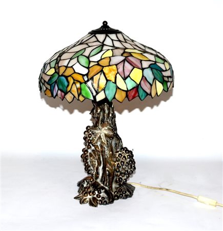 Lampada da tavolo con base in lamina d'argento a pampini e grappoli d'uva, paralume in pasta vitrea legata a piombo (h cm 55) (difetti)
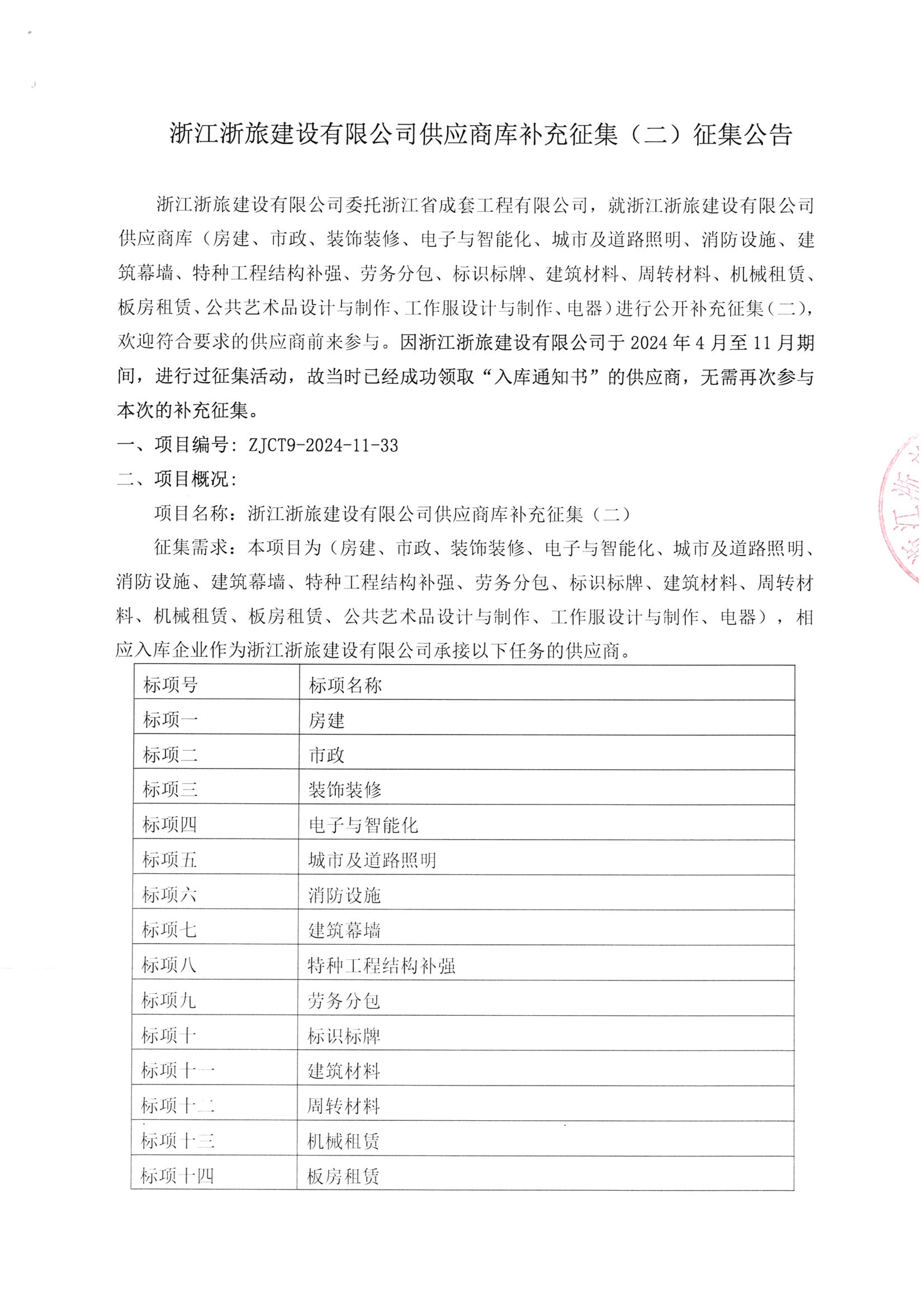 浙江浙旅建設(shè)有限公司供應(yīng)商庫補(bǔ)充征集(二)征集公告
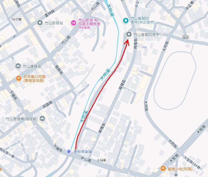 停好車後沿著大坑溪右側走一小段路就會看到夜市了。
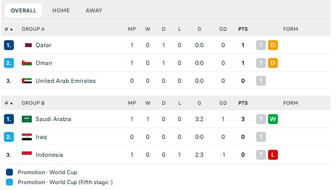 Indoneziya murosasiz kechgan 1-tur uchrashuvida Saudiya Arabistoni terma jamoasiga 2:3 hisobida imkoniyatni boy berib qo'ygandi. O'mon esa Qatar bilan durang o'ynagan edi - 0:0.

→ Requirement
Everything in the data except the pictures needs to be written out exactly.

→ Solution to this task
 Lampada da tavolo con base in lamina d'argento a pampini e grappoli d'uva, paralume in pasta vitrea legata a piombo (h cm 55) (difetti)
 浙江浙旅建設(shè)有限公司供應(yīng)商庫補(bǔ)充征集(二)征集公告
 停好車後沿著大坑溪右側走一小段路就會看到夜市了。
 Indoneziya murosasiz kechgan 1-tur uchrashuvida Saudiya Arabistoni terma jamoasiga 2:3 hisobida imkoniyatni boy berib qo'ygandi. O'mon esa Qatar bilan durang o'ynagan edi - 0:0.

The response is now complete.